Do you have a friend or two like that? Perhaps like me you’ve likely made dozens of excuses and justifications for their behavior. In the end I’ve felt forced to conclude that she just doesn’t value our friendship the way I do. Or more to the point she likely has a stack of values and priorities that come ahead of me.
What really bothers me is the way I feel, the obsessing about losing another friend, the grief and sense of abandonment. Why does it matter so much to me? Why is this a replay of other friends I’ve valued over the years and who are now unavailable?
Then I realized that the issue is mine.
Friendship is a way that we feel like members of a tribe. Even friendships that are not close or intense may fill a void in our hearts. After all, don’t we like to be liked, need to be needed? I’ve met people who do not seem to have the same need for friends as I do. They tend to collect acquaintances along the way, people connected to them professionally or personally. Many of these friends are there one minute and gone the next. And no one is wasting their time or spiritual energy trying to hold onto the past.
But that doesn’t explain the rest of us who are wired as I am, who grieve deeply whenever a true friend, a close friend, seems to shift out of our lives. We care when relationships are and are not working. We promote these connections, we try to fit our puzzle piece next to theirs, and use up a lot of energy in the process.
Maybe I work too hard on these kinds of friendships, out of my own need more than theirs: the need to feel appreciated, wanted, valued, uniquely a part of their happiness, as they are to mine. Certainly my husband is a prime example of this kind of intimate inter-dependence.
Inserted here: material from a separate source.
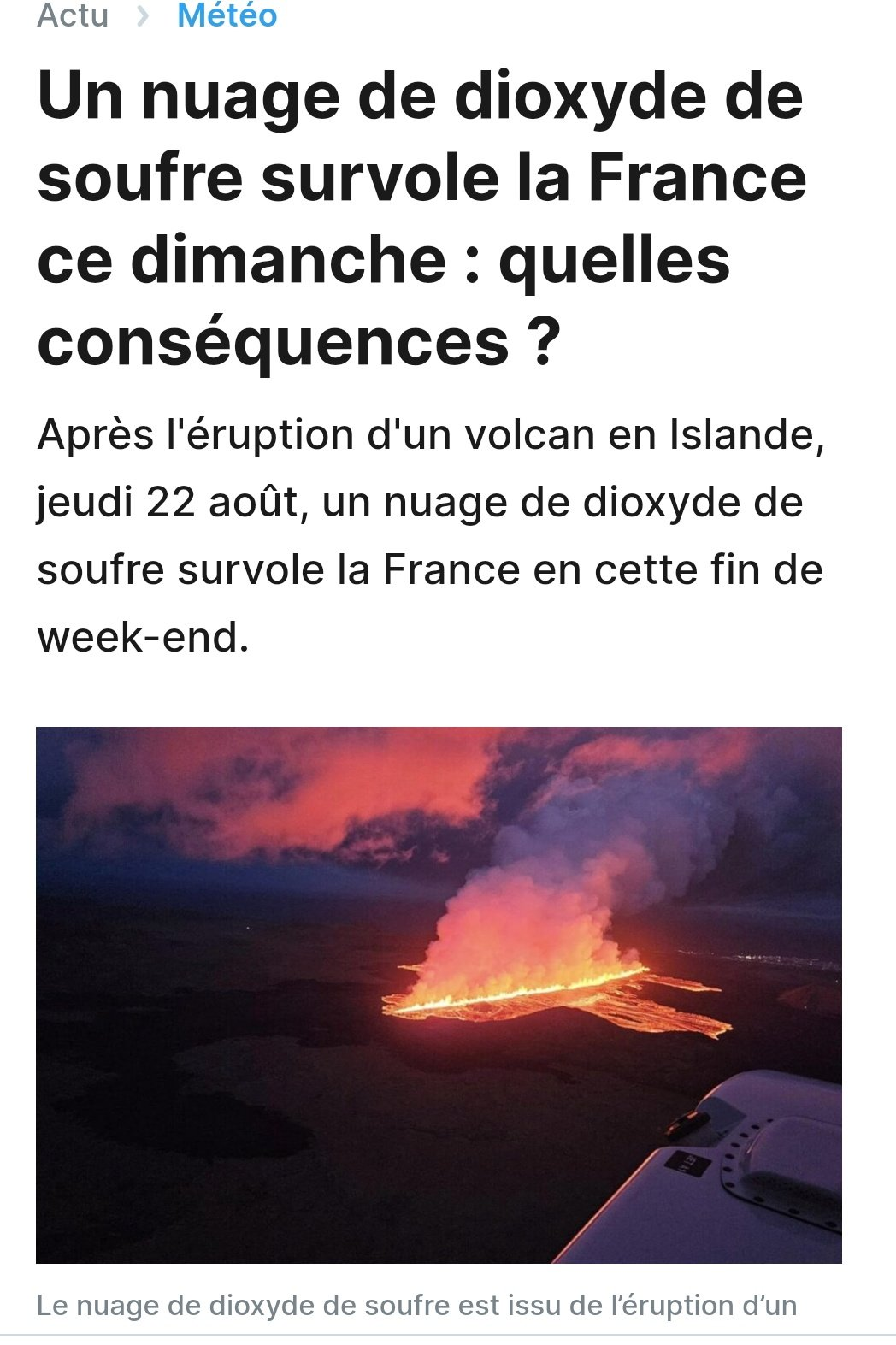 Un nuage de dioxyde de soufre a survolé le nord de l’Europe et a commencé à s’installer dans le ciel de France dans la nuit du samedi 24 au dimanche 25 août, Il provient du volcan islandais Sundhnuksgigarod qui est entré en éruption jeudi.
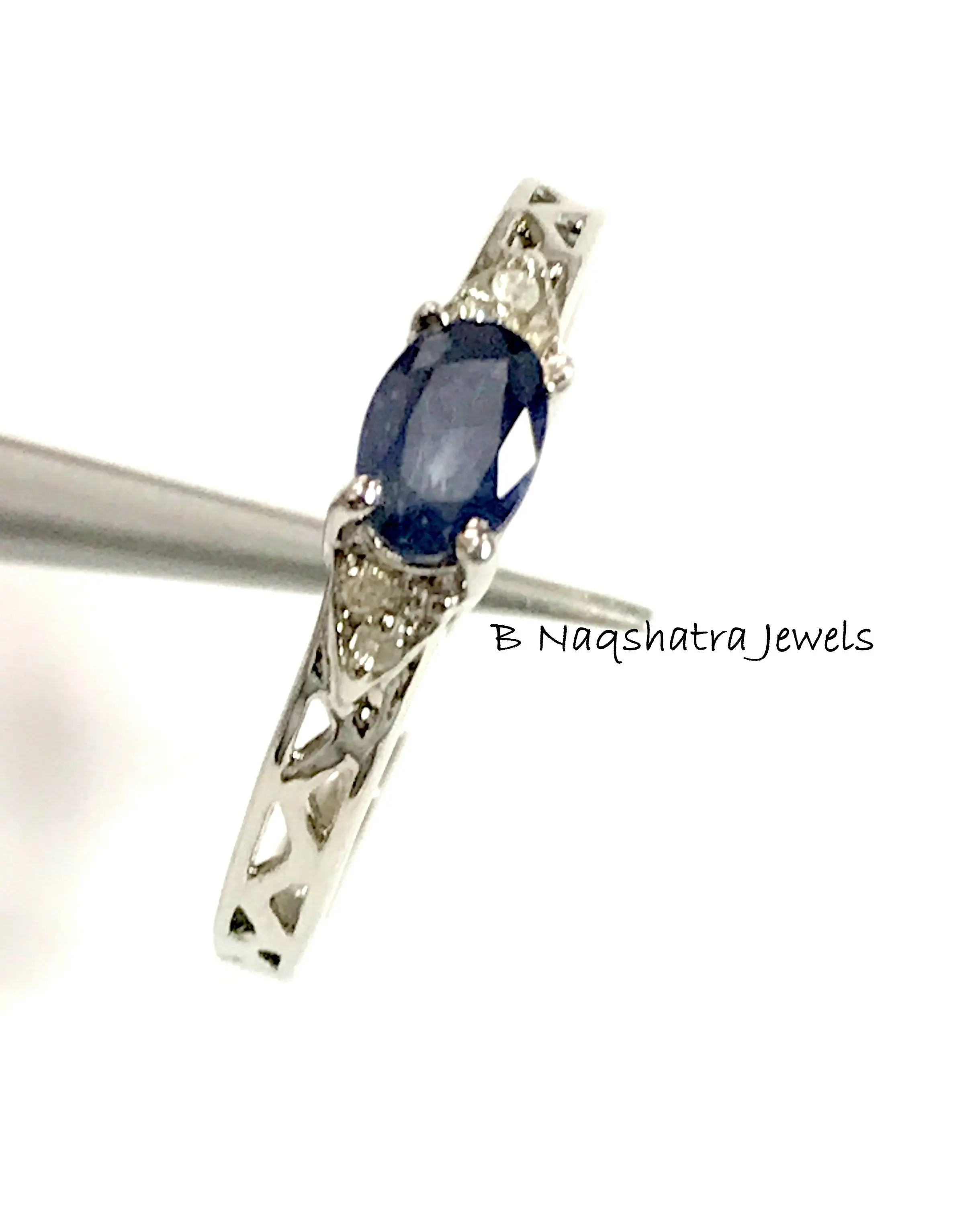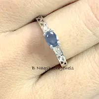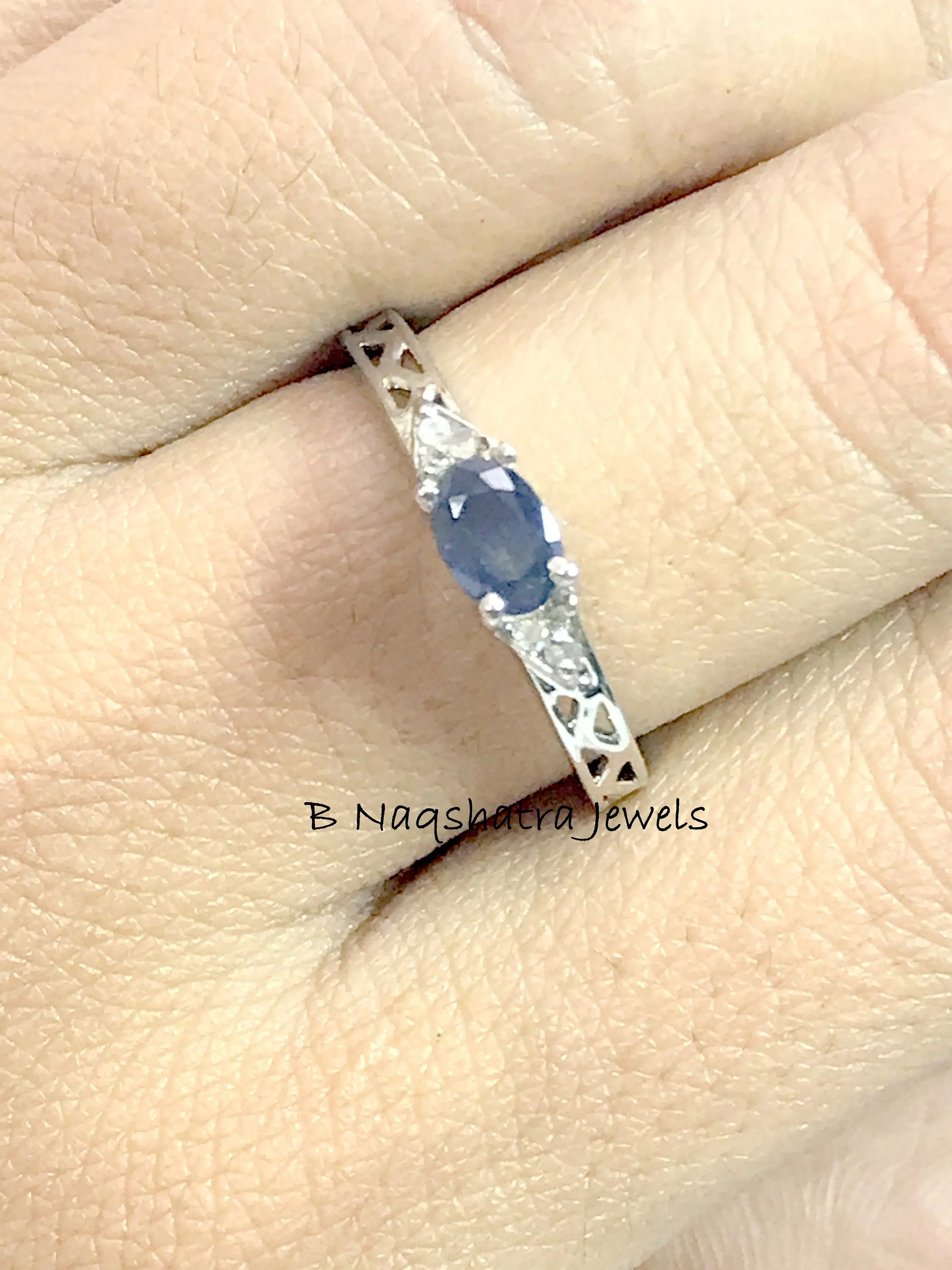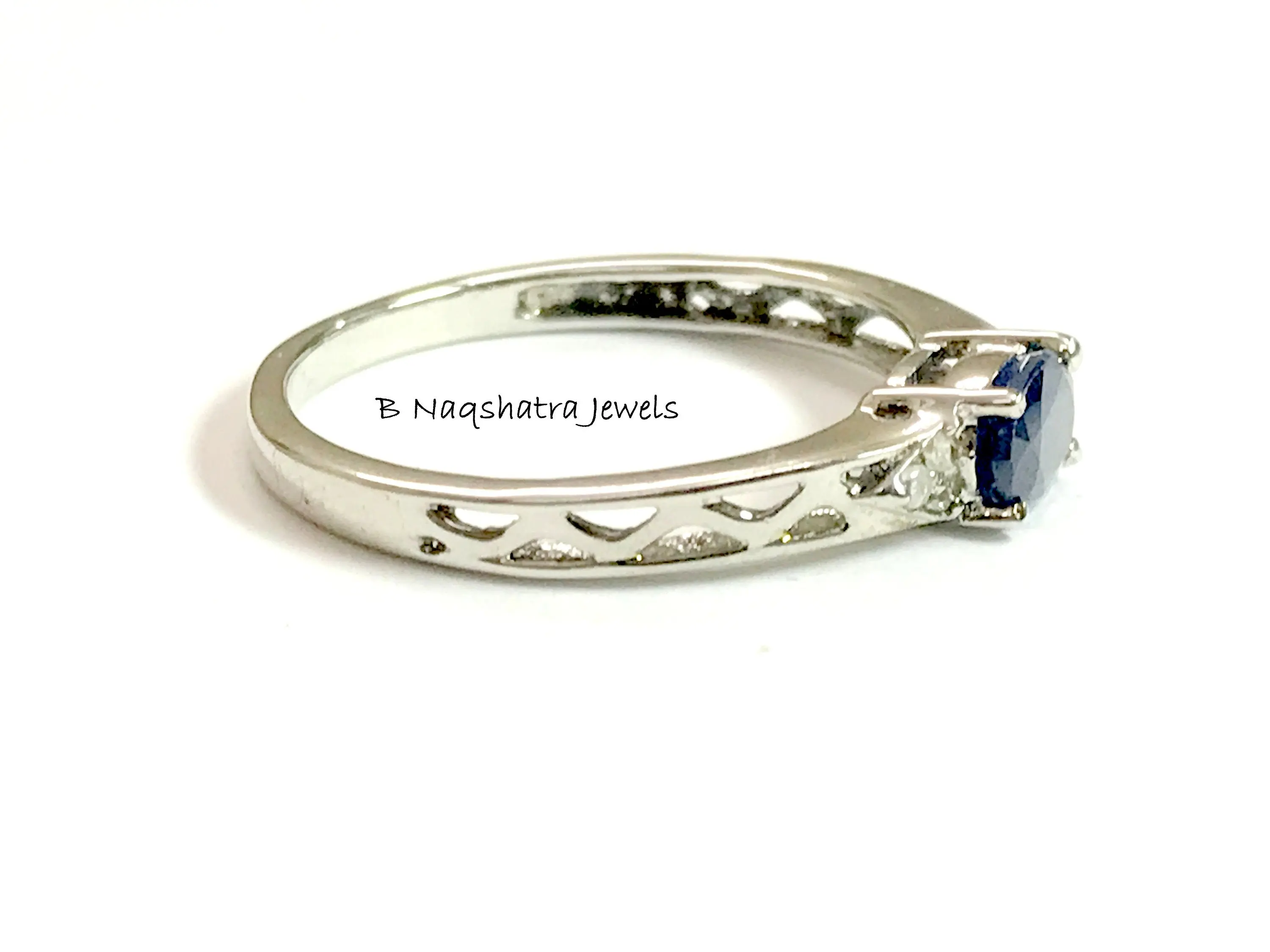 BLUE SAPPHIRE RING with single cut Diamonds ,September Birthstone Ring, small lovely wedding band , sapphire rings, Christmas special gift

Yet relationships do shift and when I fret over them I can only look within to my own perspective and attitude. I hate admitting that people move on for a myriad of reasons and I dislike not being important to them anymore.
So what’s a better perspective? Gratitude comes to mind. I need to be thankful for momentary positive encounters I’ve had with all sorts of people who have befriended me for that short moment and for the love I still feel from my close friends. Living in the present also comes to mind. As wonderful and spiritually nourishing as past friendships were, there is no purpose in reveries and sentimentalism.
Rather than wishing I could revive a friendship, I need to appreciate those persons who want to befriend me in the present, the many wonderful people for whom I have room in my heart if I just stop self-analyzing enough to invite them in. This is my conclusion as I gazed upon the starry sky at 5 AM this morning.